Generated by GPT-5-mini| National Ground Water Monitoring Network | |
|---|---|
| Name | National Ground Water Monitoring Network |
| Formation | 2009 |
| Type | interagency network |
| Headquarters | United States |
| Region served | United States |
National Ground Water Monitoring Network is an interagency initiative that aggregates groundwater data from multiple federal and state programs to support water-resource science, policy, and management. The Network synthesizes monitoring from agencies such as the United States Geological Survey, Environmental Protection Agency, Bureau of Reclamation, Army Corps of Engineers, and state surveys to provide standardized groundwater-level and water-quality information. It serves researchers, regulators, utilities, industry, and advocacy organizations by linking disparate monitoring efforts across aquifers, basins, and regional programs.
The Network integrates observations from the United States Geological Survey, Environmental Protection Agency, National Oceanic and Atmospheric Administration, Bureau of Reclamation, and United States Department of Agriculture with state entities such as the California Department of Water Resources, Texas Water Development Board, Florida Department of Environmental Protection, and New York State Department of Environmental Conservation.
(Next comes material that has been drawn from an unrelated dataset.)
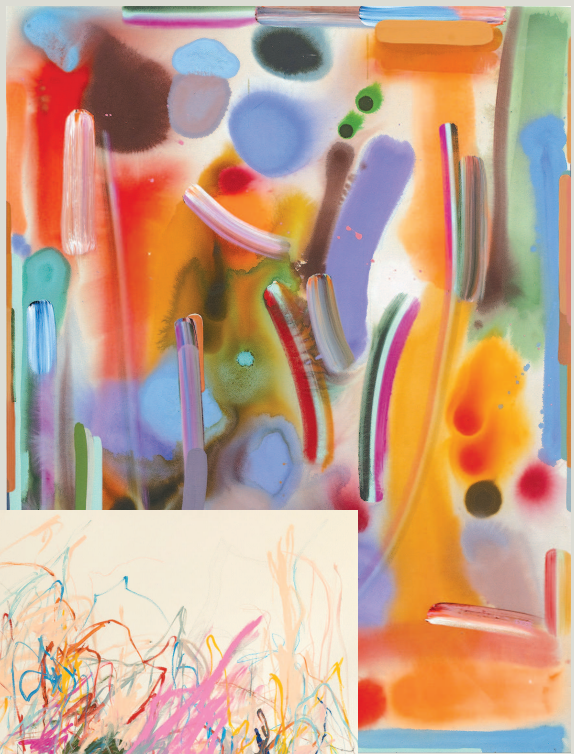
▲ 红与黄的交织 艾玛·斯通-约翰森

It unites legacy programs including the National Water Information System, the Ground-Water Ambient Monitoring and Assessment Program, and the National Water Quality Monitoring Council to provide consistent metadata and quality-assured records. The project supports stakeholders including the United States Congress, National Science Foundation, American Water Works Association, and regional bodies like the Susquehanna River Basin Commission and Colorado River Basin Salinity Control Forum.
The Network was initiated following recommendations from panels convened by the National Research Council and policy directives from the Office of Management and Budget and the Council on Environmental Quality. Early planning involved collaboration among the United States Geological Survey, Environmental Protection Agency, National Oceanic and Atmospheric Administration, and academic centers such as United States Geological Survey Water Resources Division laboratories and university programs at University of Arizona, University of California, Berkeley, Colorado State University, Michigan State University, and Pennsylvania State University. Pilot efforts drew on datasets from the USGS National Water Information System, the EPA STORET archive, and state well networks maintained by agencies like the Kentucky Geological Survey and the North Carolina Geological Survey. Interagency memoranda of understanding linked the Network to initiatives by the Department of the Interior and the Office of the President's water policy priorities.
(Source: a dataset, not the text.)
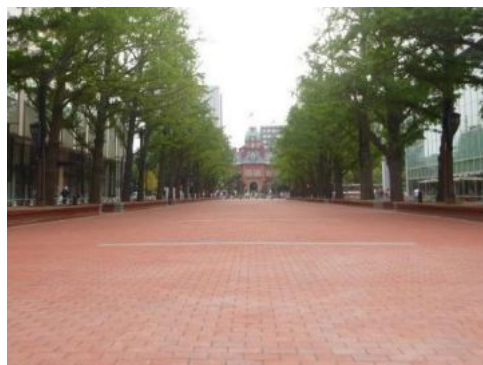
写真：整備後の広場空間

北3条広場の魅力的なパブリックスペース活用において、指定管理者である「札幌駅前通まちづくり株式会社」が重要な役割を担っています。同社は、札幌駅前通地下歩行空間（広場）の管理も手掛ける全国的にも著名なエリアマネジメント団体です。単なる施設の管理に留まらず、「いかに地域の価値を向上させるか」という視点に基づいた企画・運営を行っています。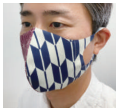
男性 L サイズ着用

Design principles follow standards promulgated by the United States Geological Survey and the Environmental Protection Agency, using common ontologies influenced by the Federal Geographic Data Committee and the Open Geospatial Consortium. Monitoring methods encompass manual water-level measurements, automated pressure transducers, and synoptic sampling modeled after protocols from the National Water-Quality Assessment Program and the Hydrologic Benchmark Network. Data quality assurance references guidance from the International Organization for Standardization, the American Society for Testing and Materials, and the American Public Health Association. Site selection criteria rely on hydrogeologic mapping from the United States Geological Survey National Geologic Map Database, aquifer classification from the USGS Groundwater Atlas of the United States, and groundwater modeling approaches used by the United States Army Corps of Engineers and academic groups at Massachusetts Institute of Technology and Stanford University.
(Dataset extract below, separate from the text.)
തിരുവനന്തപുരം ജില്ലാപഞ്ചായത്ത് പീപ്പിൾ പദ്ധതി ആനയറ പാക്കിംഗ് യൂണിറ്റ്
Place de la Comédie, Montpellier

The Network leverages data frameworks such as the National Water Information System, the Water Quality Portal, and geospatial services compatible with the Geospatial Data Gateway. Metadata standards align with the Dublin Core and the Federal Geographic Data Committee's Content Standard for Digital Geospatial Metadata, while web services support interoperability with tools from the United States Geological Survey, the Environmental Protection Agency, the National Oceanic and Atmospheric Administration, and the United States Geological Survey ScienceBase. Data discoverability benefits stakeholders including the United States Environmental Protection Agency, National Institutes of Health, United States Fish and Wildlife Service, and conservation groups like the Nature Conservancy and American Rivers. Accessibility provisions consider mandates from the Paperwork Reduction Act and open-data policies championed by the Office of Management and Budget.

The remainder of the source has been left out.